Voodoo & Wall Street
About the matter of the voodoo doll that supposedly did in Olympic track star Lauryn Williams at the XXIX Summer Olympiad in Beijing: Anchor for the U.S. team in the 4 x 100-meter relay, Williams attributed her botched baton exchange with Torri Edwards to the likelihood that someone had hammered nails into a wooden doll and ordered up disaster for her relay performance. “The stick had a mind of its own. …Maybe someone has a voodoo doll of me,” Williams said in a globally televised interview after the race.
That the stick “had a mind of its own” sounds very much like the argument made by Shai Waisman, the lawyer who represented Lehman Brothers in its bankruptcy hearing. Waisman blamed the downfall of Lehman, the country’s fourth largest investment bank, on a “chain reaction” of events largely beyond the bank’s control. “Lehman operated in an extremely unfavorable business environment,” he said.
The Beijing Games was the second Olympics in which Williams was involved in a flubbed relay handoff. In the same event in Greece four years ago, she ran out of the exchange zone on the handoff from Marion Jones. Some took her voodoo doll comment as a swipe at Jamaica, whose team ran away with the relay gold and whose runners were breaking records all over the track and field events — the Caribbean has long been designated a hotbed of voodoo. I, too, bristled at Williams’s remark, but I relented when she finally got to the fundamentals of success: “Jamaica brought their ‘A’ game. Maybe I left mine back in the suitcase,” she said.
The last time voodoo was put on such a prominent stage was during the 1980 presidential primaries, when then-candidate George H.W. Bush, father of the sitting president, accused his opponent, Ronald Regan, of spouting “voodoo economics.” Reagan pledged to cut taxes while increasing defense spending. Bush jeered that lower taxes and higher spending don’t mix. Reagan won the election, ushering in an era of deregulation to the jubilation of Wall Street.

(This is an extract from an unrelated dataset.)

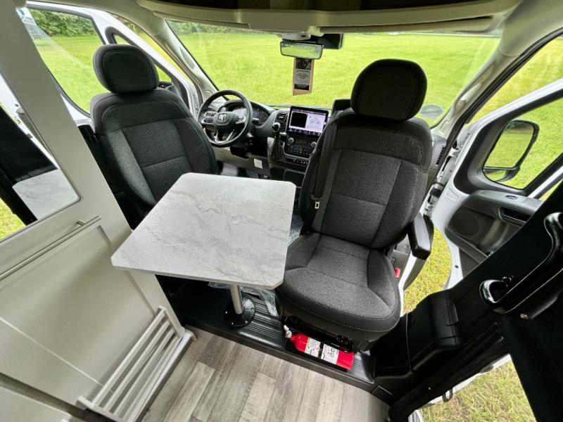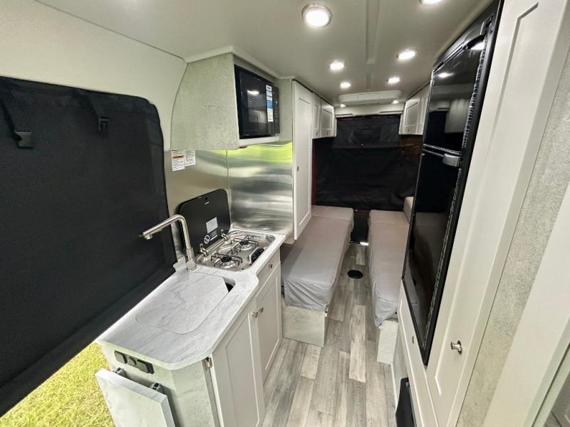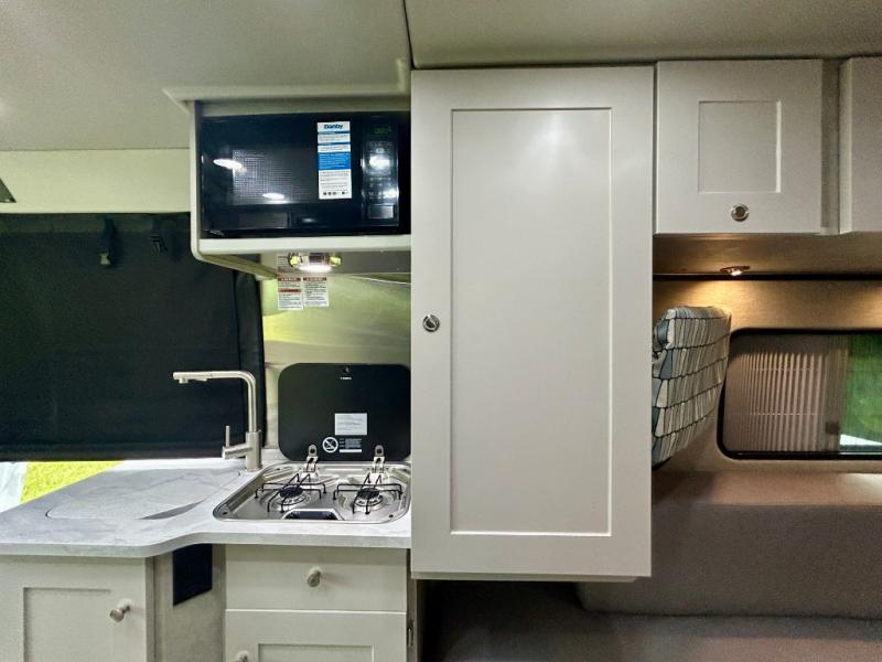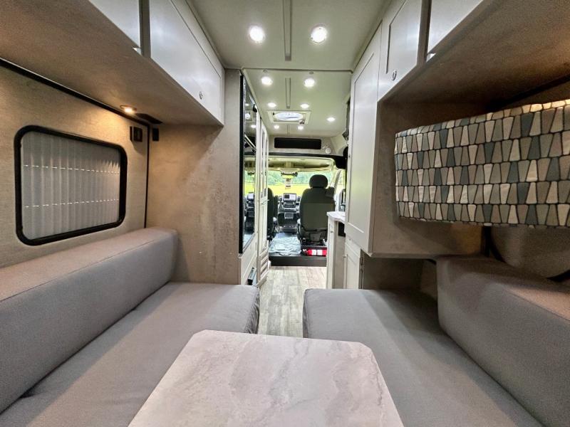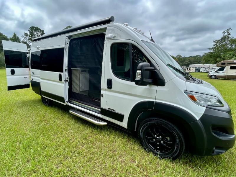The Roadtrek Class B gas motorhomes are built upon the stylish Ram ProMaster 3500 chassis with a 3.6L V6 gas engine to power your trips near and far. The Uconnect 5 HD radio with Apple Car Play and Android Auto will make the drive just as sweet as the destination. Each model includes a 12V refrigerator, a two-burner recessed propane stove with a flush cover and built-in igniter, and ample storage space for all your belongings. There is even an outdoor shower to rinse the dirt off your feet before entering inside, and a retractable awning to protect you rain or shine. Come find your favorite one today!
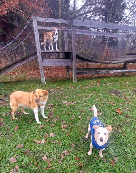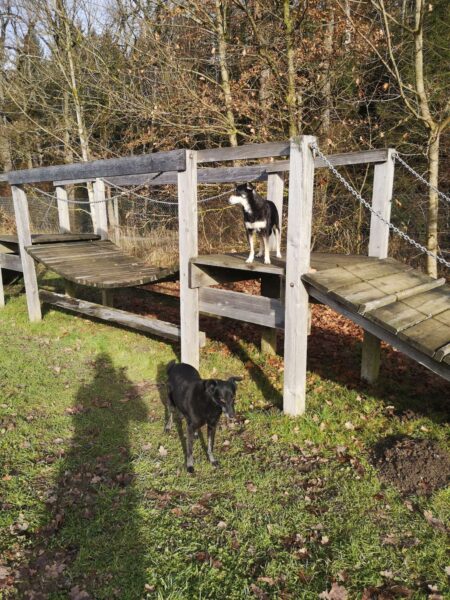 Conny war am späteren Nachmittag mit Percy, Nicky und Laluna auf dem Hundeplatz, wo die drei viel Spaß hatten: Sie schnüffelten herum, kletterten über die Geräte und freuten sich über Leckerchen. 🙂

No one has applied the term “voodoo” to Wall Street’s meltdown in September, when the U.S. government did the unthinkable in capitalism and effectively nationalized American Insurance Group in an attempt to stem the worst bloodletting since the Great Depression of the 1930s. But Waisman’s “chain reaction” reasoning did just that. So did Washingtonpost.com Op-Ed columnist Harold Meyerson’s contention in his column “Wall Street’s Just Deserts.”
The notions of chain reaction and of the boomerang effect of one’s actions are the essence of voodoo. Nothing, voodoo practitioners believe, has a life of its own. In a universe in which everything is connected, what you do unto another, you literally do to yourself because you are connected to that other.
Wall Street, Meyerson wrote, turned its back on America by directing “trillions into new and ever more dubious credit instruments, which yielded massive profits for Wall Streeters and their high-flying investors, and put chump change into efforts to improve, to take just one example, American transportation.” Airports, bridges and roads are decaying; rural wind-power facilities cannot light cities because our electrical grid has not been expanded; New Orleans has not been rebuilt, and productive activity within the United States has ceased to be the prime target of investment, he lamented. Some may also say that AIG, the country’s largest insurer, which reputedly got its start insuring opium sales to China, got its just deserts. But that’s just voodoo talk.